A) What adverse side effects? So far, you have given zero examples. Other than "A small increase in Autoimmune disorders in the people who live longer." Which is somewhere like 100% likely even if not using your immune system didn't have an effect, because they are living longer.
B) The prevalency of the disease in non vaccinated populations is greater.
There were 9891 CDC-classified serious adverse reactions from diphtheria vaccines last year. Considering the mortality of diphtheria in the US (0% over the last decade), that's a roughly 3200:1 ratio of serious adverse reaction from vaccine to serious adverse reaction from the actual disease.

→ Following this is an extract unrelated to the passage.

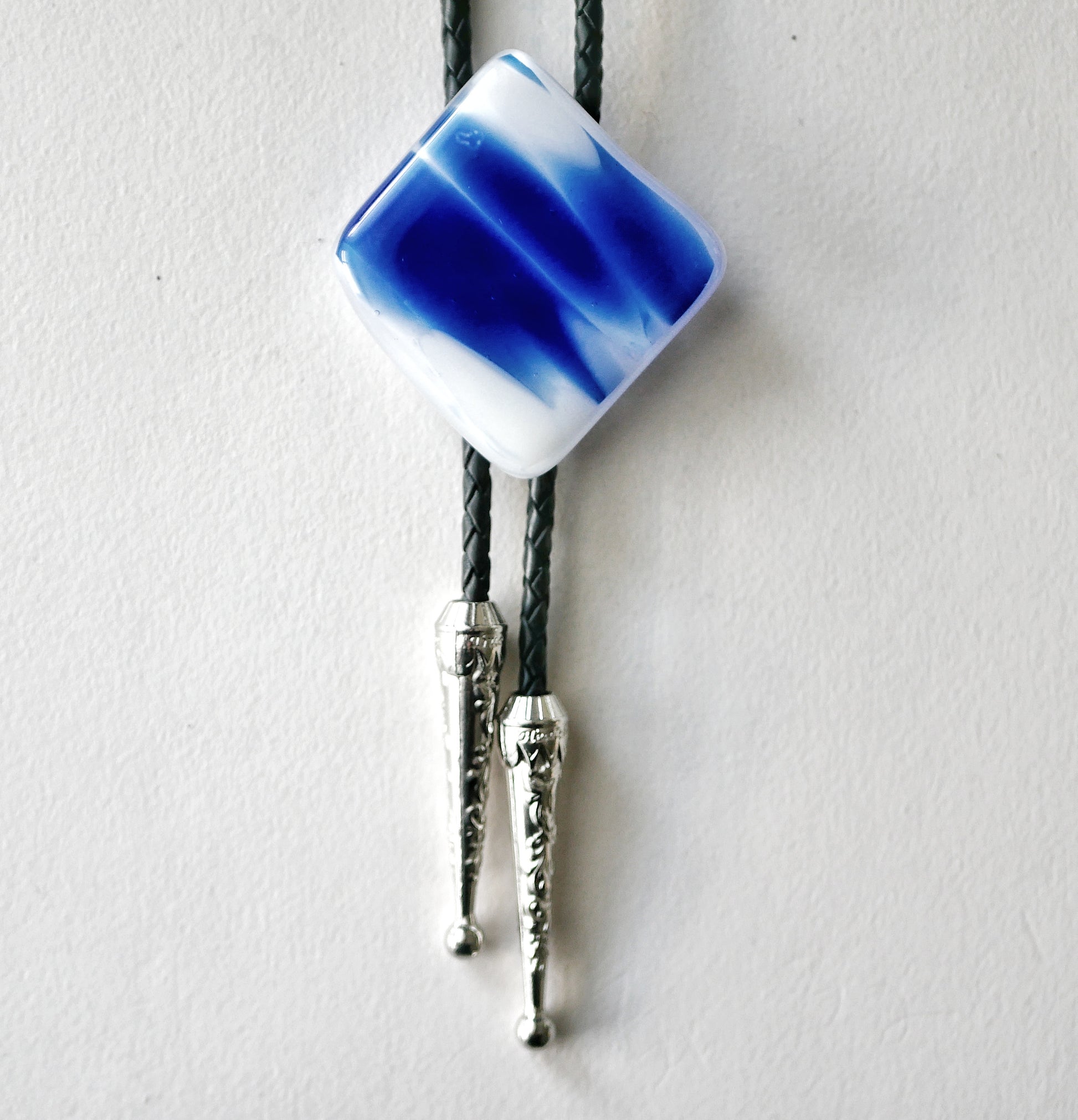 A fused glass cabochon on a 42 inch leather bolo tie with a flat back so it sits nicely under your collar. Base metal findings.

Prevalence and disease management in non-vaccinated populations isn't what I'm discussing. When you've got a high rate of incidence then it makes sense to vaccinate. Once domestic incidence rates are down, continuing to do so should involve a risk/benefit analysis.
In the US, that analysis is predicated on the assumption that there's apparently going to be an outbreak infecting a hundred or so people, every year, in a country that hasn't had any outbreaks in over a decade, and only 3 incidences in the last decade.
The epidemiological studies of the latest outbreaks also indicate that they occur in populations with poor living conditions and prevalent alcohol abuse; namely, not the entire population of a country that would justify wide-spread immunization programs.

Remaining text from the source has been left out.